> _Aim of the task_:
Using the data below, reproduce exactly the lines from the line with "Each pin back" to the line with "RING: [1] 14KWG", both included; pictures must be dropped.

Dataset content START

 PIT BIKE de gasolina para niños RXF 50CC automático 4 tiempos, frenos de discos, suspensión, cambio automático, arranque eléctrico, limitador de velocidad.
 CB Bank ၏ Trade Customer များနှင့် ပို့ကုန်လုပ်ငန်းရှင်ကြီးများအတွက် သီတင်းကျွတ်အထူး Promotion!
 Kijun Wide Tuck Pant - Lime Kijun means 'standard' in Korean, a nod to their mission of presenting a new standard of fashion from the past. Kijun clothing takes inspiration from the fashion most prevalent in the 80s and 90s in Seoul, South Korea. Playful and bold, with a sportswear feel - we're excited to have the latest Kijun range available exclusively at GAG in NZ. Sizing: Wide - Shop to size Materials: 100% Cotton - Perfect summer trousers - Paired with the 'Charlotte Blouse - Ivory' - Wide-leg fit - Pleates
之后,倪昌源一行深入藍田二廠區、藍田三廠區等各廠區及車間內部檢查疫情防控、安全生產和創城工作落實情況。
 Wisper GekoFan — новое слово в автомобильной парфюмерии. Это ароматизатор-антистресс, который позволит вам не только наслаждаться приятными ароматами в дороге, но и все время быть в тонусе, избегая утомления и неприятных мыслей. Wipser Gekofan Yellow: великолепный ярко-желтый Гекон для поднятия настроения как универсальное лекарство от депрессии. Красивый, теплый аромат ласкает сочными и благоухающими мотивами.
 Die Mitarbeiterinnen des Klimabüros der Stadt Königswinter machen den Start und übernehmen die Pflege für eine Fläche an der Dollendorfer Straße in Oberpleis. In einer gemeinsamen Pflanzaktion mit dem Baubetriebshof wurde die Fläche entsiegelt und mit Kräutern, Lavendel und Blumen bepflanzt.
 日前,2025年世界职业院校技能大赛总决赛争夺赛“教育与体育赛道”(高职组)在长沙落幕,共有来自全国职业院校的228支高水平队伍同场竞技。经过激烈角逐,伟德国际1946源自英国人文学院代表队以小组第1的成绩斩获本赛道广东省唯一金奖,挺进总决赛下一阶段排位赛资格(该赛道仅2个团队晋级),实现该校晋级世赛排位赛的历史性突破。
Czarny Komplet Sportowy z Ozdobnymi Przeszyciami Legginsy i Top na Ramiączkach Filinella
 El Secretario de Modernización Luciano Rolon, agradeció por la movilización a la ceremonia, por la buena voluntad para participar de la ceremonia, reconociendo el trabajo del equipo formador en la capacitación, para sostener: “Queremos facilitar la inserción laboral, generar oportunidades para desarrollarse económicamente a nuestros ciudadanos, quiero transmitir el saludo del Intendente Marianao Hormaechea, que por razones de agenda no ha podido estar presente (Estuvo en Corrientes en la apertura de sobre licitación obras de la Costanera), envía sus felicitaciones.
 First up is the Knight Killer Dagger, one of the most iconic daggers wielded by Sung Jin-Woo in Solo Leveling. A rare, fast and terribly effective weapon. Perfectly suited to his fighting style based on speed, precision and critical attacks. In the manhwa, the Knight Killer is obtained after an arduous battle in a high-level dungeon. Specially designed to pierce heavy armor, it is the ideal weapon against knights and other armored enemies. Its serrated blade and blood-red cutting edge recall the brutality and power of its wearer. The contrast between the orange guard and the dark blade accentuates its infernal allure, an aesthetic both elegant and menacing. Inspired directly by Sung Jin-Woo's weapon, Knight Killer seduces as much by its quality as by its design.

Dataset content END
Dataset content START

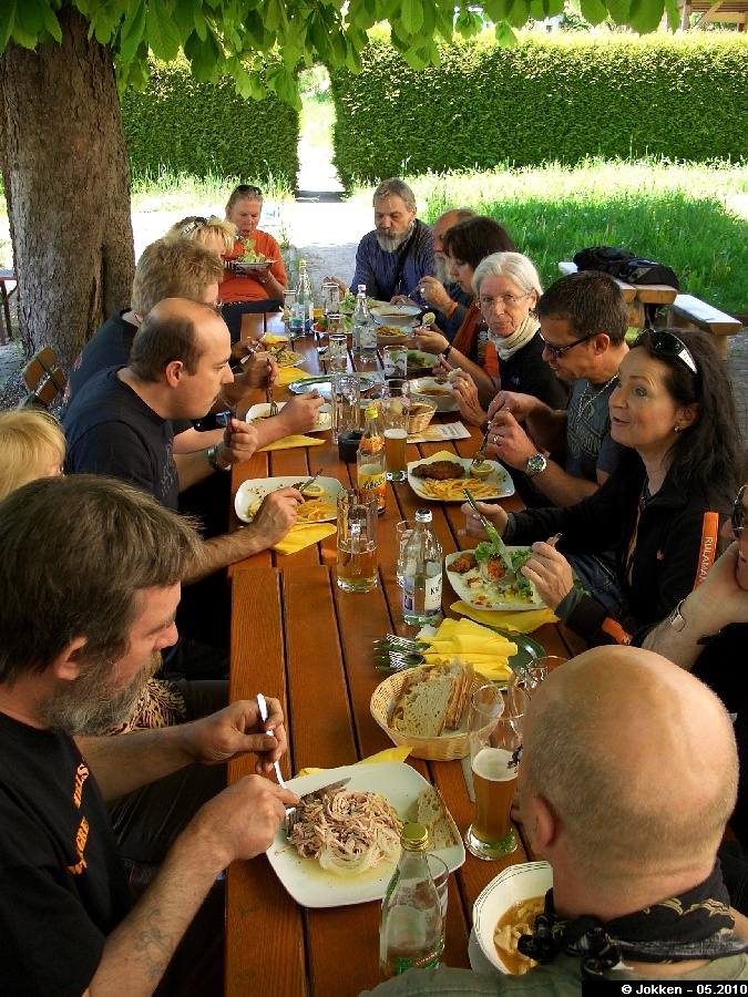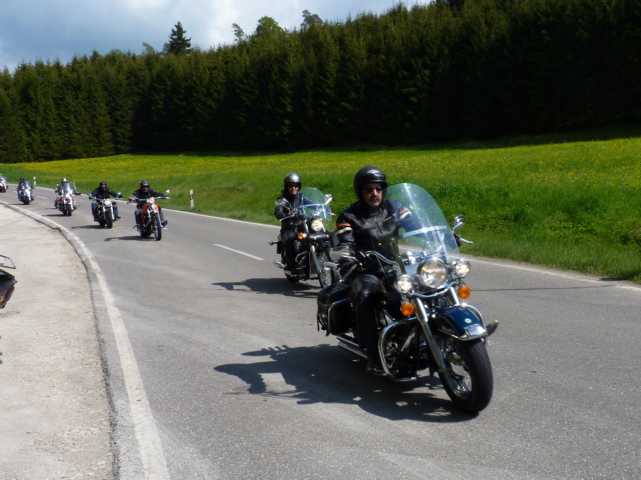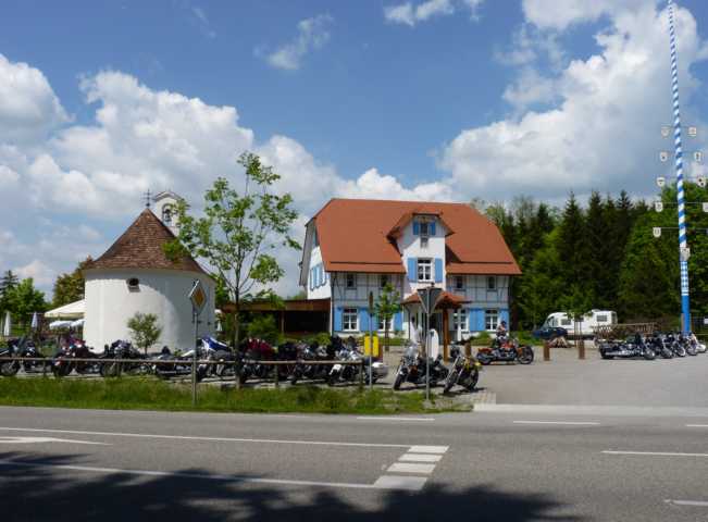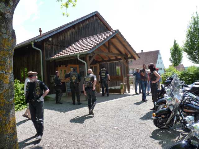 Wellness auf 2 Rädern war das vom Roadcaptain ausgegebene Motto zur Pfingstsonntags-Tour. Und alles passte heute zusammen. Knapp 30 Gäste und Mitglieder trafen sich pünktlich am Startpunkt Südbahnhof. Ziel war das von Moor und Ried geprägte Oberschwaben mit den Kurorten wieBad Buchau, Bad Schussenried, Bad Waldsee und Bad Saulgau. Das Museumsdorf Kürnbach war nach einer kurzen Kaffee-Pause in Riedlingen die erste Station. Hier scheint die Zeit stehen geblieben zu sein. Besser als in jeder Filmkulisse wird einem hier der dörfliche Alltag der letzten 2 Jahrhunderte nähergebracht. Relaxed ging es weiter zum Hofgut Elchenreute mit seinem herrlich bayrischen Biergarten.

Dataset content END
Dataset content START

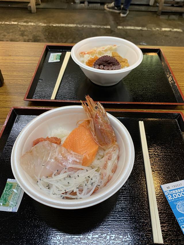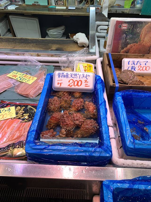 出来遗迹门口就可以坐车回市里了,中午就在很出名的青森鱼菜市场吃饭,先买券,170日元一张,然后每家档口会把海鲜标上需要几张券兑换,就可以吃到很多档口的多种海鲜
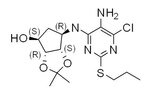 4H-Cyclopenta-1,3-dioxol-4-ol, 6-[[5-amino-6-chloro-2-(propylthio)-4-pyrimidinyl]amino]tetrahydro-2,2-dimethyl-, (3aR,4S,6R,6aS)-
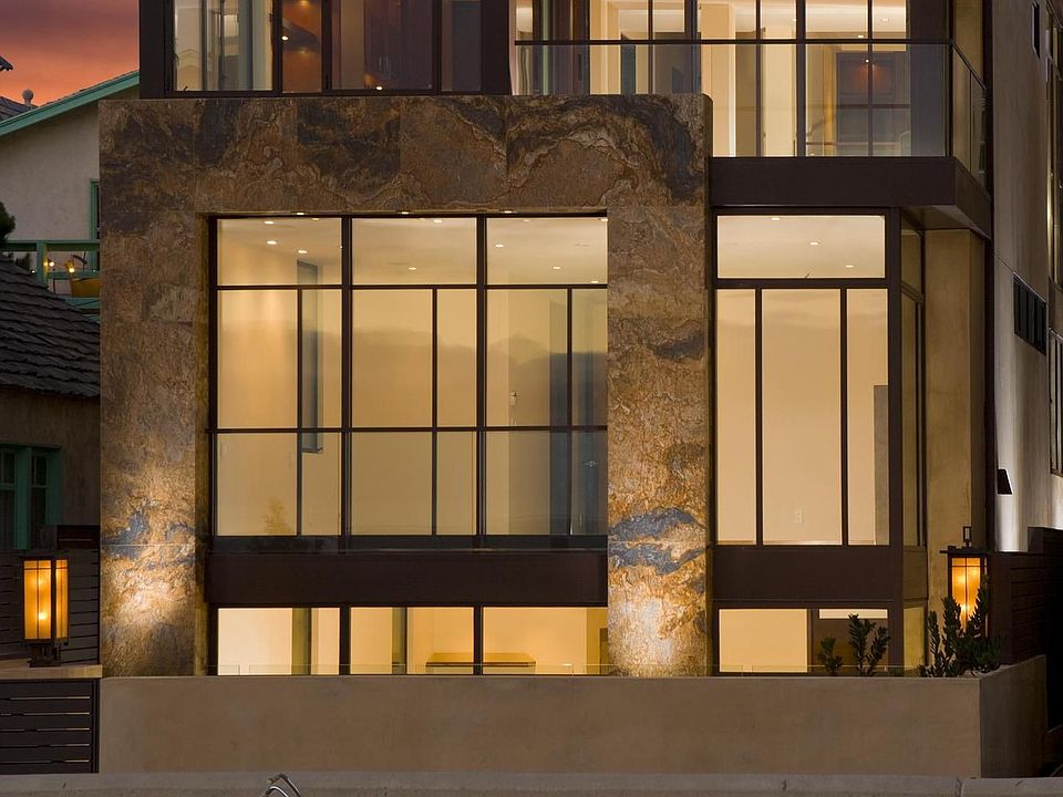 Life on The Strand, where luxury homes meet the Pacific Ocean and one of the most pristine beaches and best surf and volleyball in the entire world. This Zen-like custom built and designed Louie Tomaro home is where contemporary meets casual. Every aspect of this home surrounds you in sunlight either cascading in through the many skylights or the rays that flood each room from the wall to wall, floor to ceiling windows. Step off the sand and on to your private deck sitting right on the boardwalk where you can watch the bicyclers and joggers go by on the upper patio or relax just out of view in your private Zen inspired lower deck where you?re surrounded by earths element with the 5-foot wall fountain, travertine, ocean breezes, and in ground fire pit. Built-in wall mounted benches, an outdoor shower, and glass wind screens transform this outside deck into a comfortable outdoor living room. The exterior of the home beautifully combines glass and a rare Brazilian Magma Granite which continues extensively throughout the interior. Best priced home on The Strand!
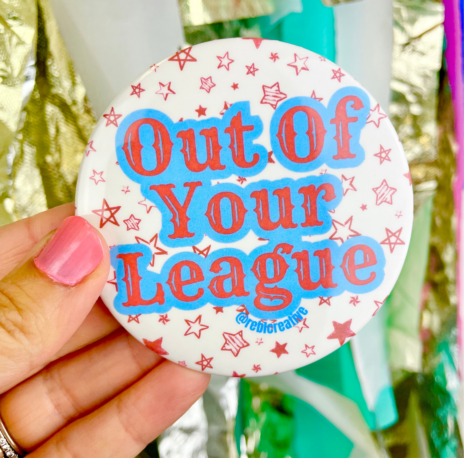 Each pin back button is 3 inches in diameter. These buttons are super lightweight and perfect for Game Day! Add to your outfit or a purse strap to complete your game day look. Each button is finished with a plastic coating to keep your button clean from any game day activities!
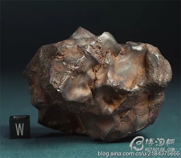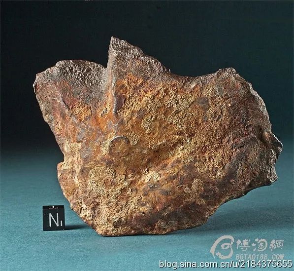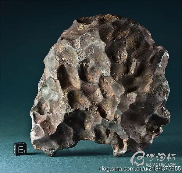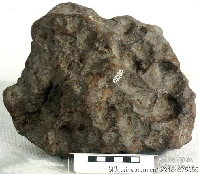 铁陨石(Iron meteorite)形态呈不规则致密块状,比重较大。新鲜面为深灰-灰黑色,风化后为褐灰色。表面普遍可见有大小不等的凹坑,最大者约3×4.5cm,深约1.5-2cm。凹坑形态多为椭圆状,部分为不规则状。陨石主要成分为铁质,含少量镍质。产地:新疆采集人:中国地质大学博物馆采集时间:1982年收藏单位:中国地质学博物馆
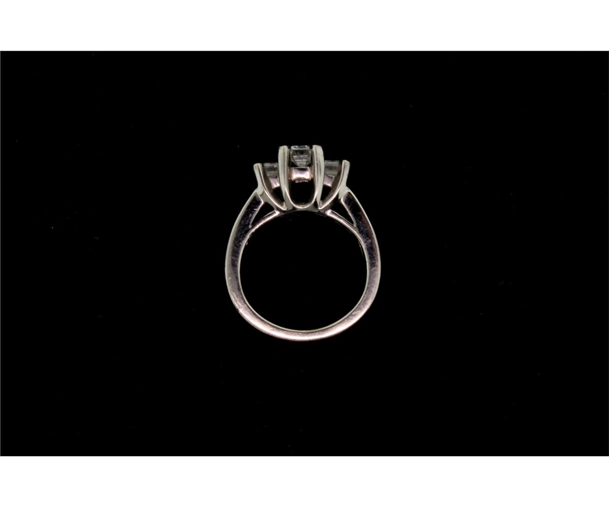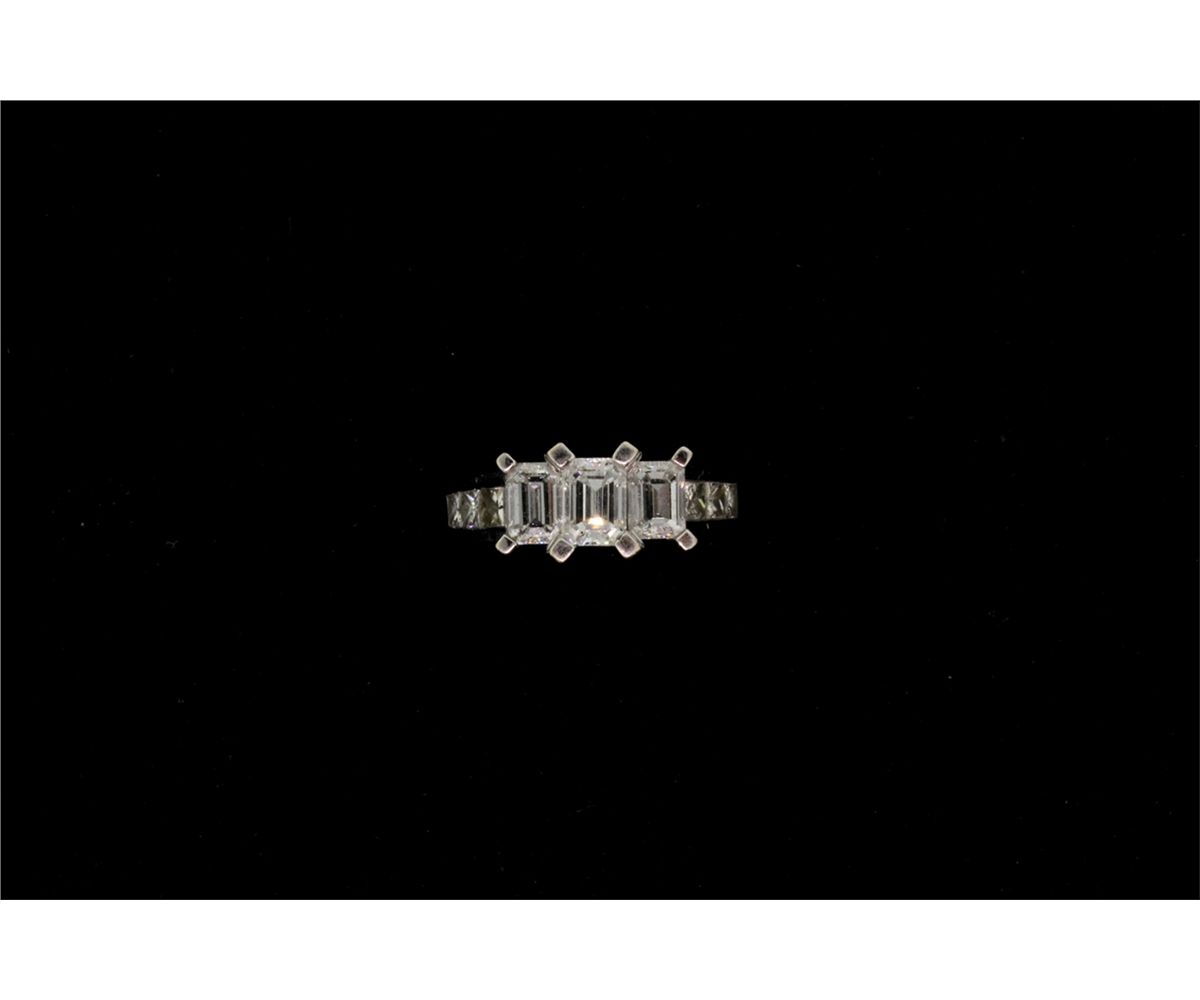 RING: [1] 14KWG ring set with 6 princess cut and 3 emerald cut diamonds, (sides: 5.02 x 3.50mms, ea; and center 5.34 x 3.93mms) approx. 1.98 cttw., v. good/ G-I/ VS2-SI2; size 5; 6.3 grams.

Dataset content END

> _Solution_:
 Each pin back button is 3 inches in diameter. These buttons are super lightweight and perfect for Game Day! Add to your outfit or a purse strap to complete your game day look. Each button is finished with a plastic coating to keep your button clean from any game day activities!
 铁陨石(Iron meteorite)形态呈不规则致密块状,比重较大。新鲜面为深灰-灰黑色,风化后为褐灰色。表面普遍可见有大小不等的凹坑,最大者约3×4.5cm,深约1.5-2cm。凹坑形态多为椭圆状,部分为不规则状。陨石主要成分为铁质,含少量镍质。产地:新疆采集人:中国地质大学博物馆采集时间:1982年收藏单位:中国地质学博物馆
 RING: [1] 14KWG ring set with 6 princess cut and 3 emerald cut diamonds, (sides: 5.02 x 3.50mms, ea; and center 5.34 x 3.93mms) approx. 1.98 cttw., v. good/ G-I/ VS2-SI2; size 5; 6.3 grams.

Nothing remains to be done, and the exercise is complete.